_Work required_. Below this line is a set of entries; quote exactly the lines from the line that contains "Toyota FT-86 Open Concept" to the line that contains "walking to the", both lines included.

--- Supplied material ---

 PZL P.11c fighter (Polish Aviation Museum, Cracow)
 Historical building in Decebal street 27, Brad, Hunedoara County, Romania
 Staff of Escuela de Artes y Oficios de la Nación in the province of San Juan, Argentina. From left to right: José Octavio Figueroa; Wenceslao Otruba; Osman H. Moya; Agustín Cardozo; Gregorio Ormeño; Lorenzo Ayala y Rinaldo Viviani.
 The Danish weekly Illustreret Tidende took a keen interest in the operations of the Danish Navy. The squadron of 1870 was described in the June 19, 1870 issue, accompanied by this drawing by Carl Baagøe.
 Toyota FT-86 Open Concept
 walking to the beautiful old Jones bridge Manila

---
--- Supplied material ---

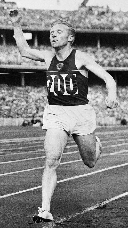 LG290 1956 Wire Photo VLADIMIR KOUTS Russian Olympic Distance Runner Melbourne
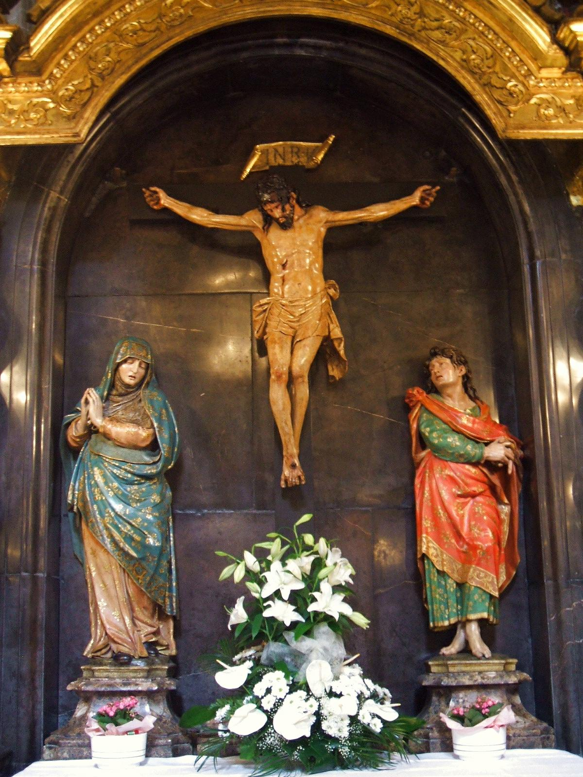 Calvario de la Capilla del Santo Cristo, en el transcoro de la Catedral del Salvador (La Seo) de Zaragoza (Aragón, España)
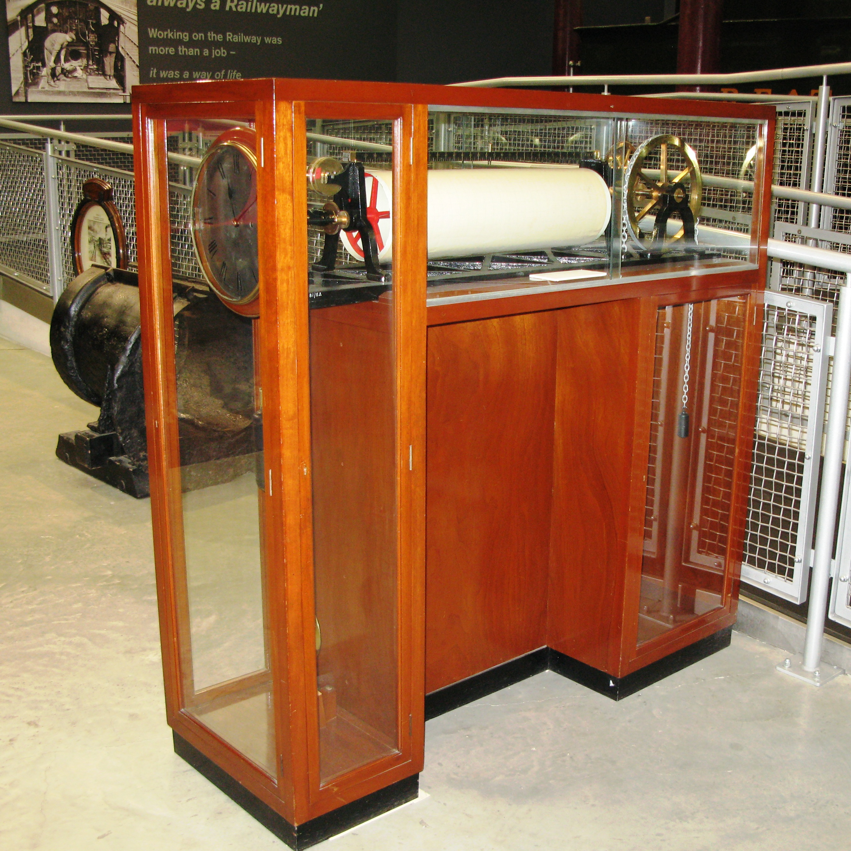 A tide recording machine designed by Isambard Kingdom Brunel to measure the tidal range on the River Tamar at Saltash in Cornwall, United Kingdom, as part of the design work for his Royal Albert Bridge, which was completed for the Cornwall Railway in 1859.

---
--- Supplied material ---

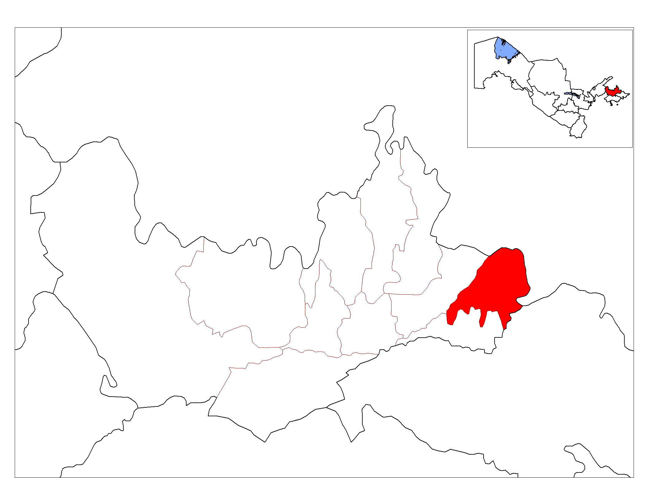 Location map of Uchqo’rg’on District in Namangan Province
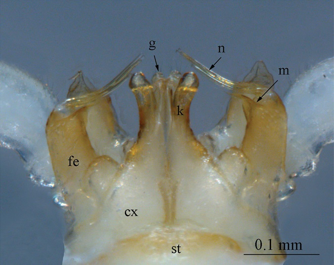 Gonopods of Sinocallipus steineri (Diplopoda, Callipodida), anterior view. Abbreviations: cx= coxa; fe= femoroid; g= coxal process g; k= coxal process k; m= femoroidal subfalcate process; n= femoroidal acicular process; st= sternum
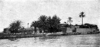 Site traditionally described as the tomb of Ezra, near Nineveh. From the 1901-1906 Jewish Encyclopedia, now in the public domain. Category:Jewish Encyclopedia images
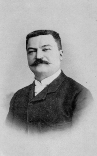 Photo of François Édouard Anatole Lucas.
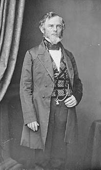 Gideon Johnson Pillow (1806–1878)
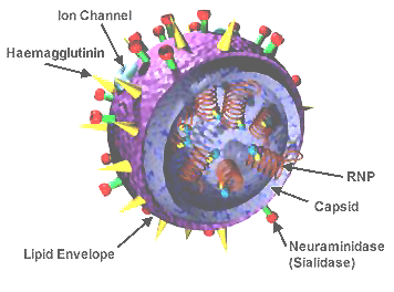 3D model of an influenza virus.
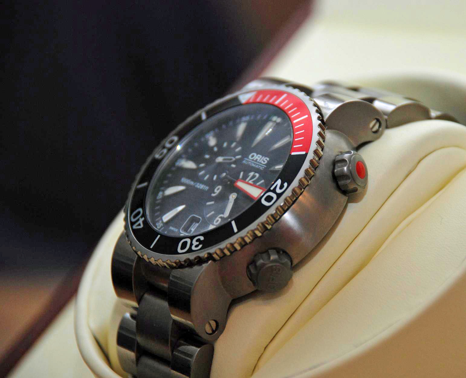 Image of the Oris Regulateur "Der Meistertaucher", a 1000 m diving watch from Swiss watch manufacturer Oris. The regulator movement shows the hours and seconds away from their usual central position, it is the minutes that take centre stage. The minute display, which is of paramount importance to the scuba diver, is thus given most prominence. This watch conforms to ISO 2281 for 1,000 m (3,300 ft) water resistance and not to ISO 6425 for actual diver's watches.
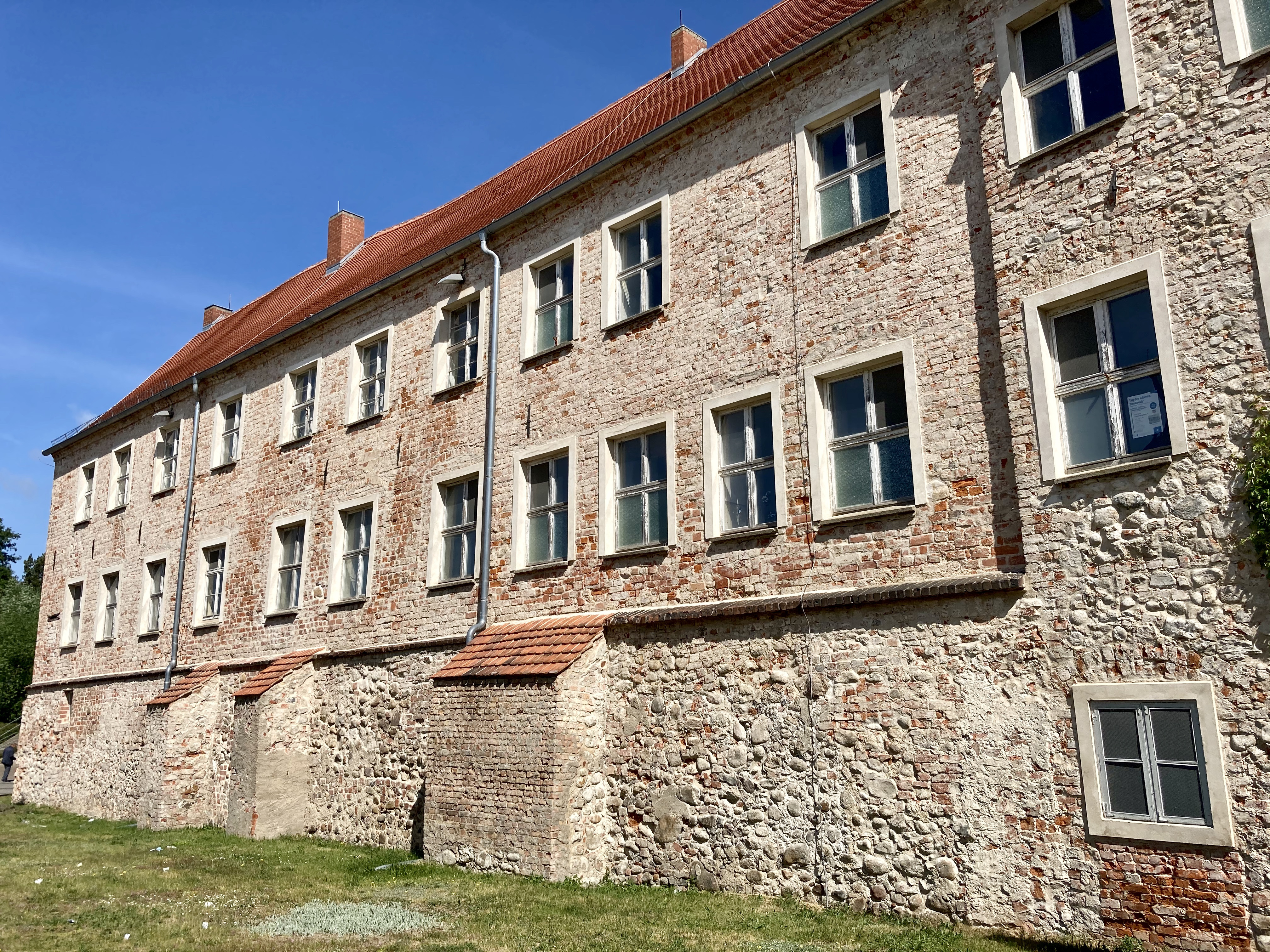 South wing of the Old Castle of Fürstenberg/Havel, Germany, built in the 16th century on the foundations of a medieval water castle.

---

_Response for this exercise_.
 Toyota FT-86 Open Concept
 walking to the beautiful old Jones bridge Manila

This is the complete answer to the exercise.